Le gardien de la paix est-il coupable de violence ayant entraîné la perte de l'oeil d'un manifestant, en 2007, à Nantes ? Cette question n'intéresse pas que la victime mais aussi la Ligue des droits de l'homme.

C'était en novembre 2007

C'était un mois où pleuvaient les manifestations contre les lois Pécresse sur l'autonomie des universités. Une journée où un millier de lycéens et étudiants avaient investi le parc du rectorat. Manifestation pacifique selon les jeunes, belliqueuse selon les policiers. Au cours de la dispersion, Pierre, un lycéen de 17 ans est grièvement blessé par le tir d'un lanceur de balles de défense (un flash-ball puissant équipé d'un laser qui permet un tir précis jusqu'à trente mètres). Le jeune garçon, militant très actif, perd l'usage de son oeil droit.

Un feuilleton judiciaire

Le procureur saisit deux juges d'instruction. L'été 2008, une enquête est ouverte pour « blessures volontaires ayant entraîné une incapacité de travail supérieure à huit jours avec la circonstance que les faits ont été commis avec une arme par une personne dépositaire de l'autorité publique ».
Au printemps 2009, une reconstitution est organisée. Un an plus tard, le procureur de la République requiert un non-lieu : le policier n'est pas responsable des blessures occasionnées au lycéen. Il considère que le gardien de la paix a agi sur l'ordre de son autorité hiérarchique, « ordre qui n'était manifestement ni illégal ni disproportionné... », indique alors le procureur, Xavier Ronsin.
Les juges ne suivent pas cet argumentaire et renvoient le policier devant le tribunal correctionnel. Le procès commence mardi et doit durer deux jours.

Terrain du droit

Le gardien de la paix est-il l'auteur du tir ? A-t-il tiré en respectant les consignes de sécurité ? Compliqué de répondre à cette dernière question, l'usage de l'arme alors expérimentale n'était pas réglementé. Ce qui semble avéré, c'est qu'il a agi sur ordre.
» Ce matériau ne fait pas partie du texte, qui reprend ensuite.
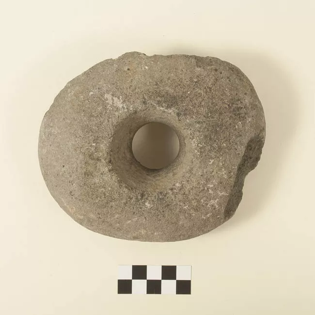 Herramienta lítica confeccionada en cuarzo, de color blanco marfil y a...
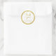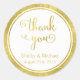 Gold glitter confetti & foil effect thank you text in a swirly font with room for your personalised text on a round sticker. These stylishly simple stickers are perfect for party favours, wedding favours, bridal showers and envelope seals.

Hors, la hiérarchie n'est pas poursuivie.
L'avocat parisien Me Lienard plaidera la relaxe du gardien de la paix. « Je suis serein. Mon client sait qu'il n'a pas tiré sur le lycéen », insiste-t-il. Pierre déplore qu'il ait fallu « attendre quatre ans » pour avoir un procès. « J'espère que cela fera réfléchir la hiérarchie du policier qui a donné carte blanche pour tirer sur des manifestants. »

Terrain politique

La Ligue des droits de l'Homme s'est porté partie civile. Depuis quatre ans, l'affaire mobilise étudiants, syndicats, et associations de gauche. On y dénonce fortement l'utilisation du flash-ball qui depuis 2005 a fait plusieurs blessés. On accuse l'État de réprimer de plus en plus les mouvements sociaux en recourant à la violence. « Cette histoire remet en cause le droit de manifester », s'indigne l'intersyndicale.

« Il ne faut pas se tromper de débat. Cela n'a aucun sens de se servir de la perte d'un oeil d'un adolescent pour attaquer le gouvernement », fustige Me Liénard. « Nous voulons un débat serein et transparent », rétorque l'avocate du lycéen, Me Glon.
Sérénité ? Elle sera difficile à trouver. Entre des fonctionnaires qui se plaignent d'être déconsidérés et trop souvent poursuivis par la justice et des jeunes militants qui depuis plusieurs années dénoncent des violences policières lors de manifestations.

Marylise COURAUD.


Neuf organisations appellent à manifester devant le tribunal correctionnel de Nantes mercredi 7 mars à 14 h.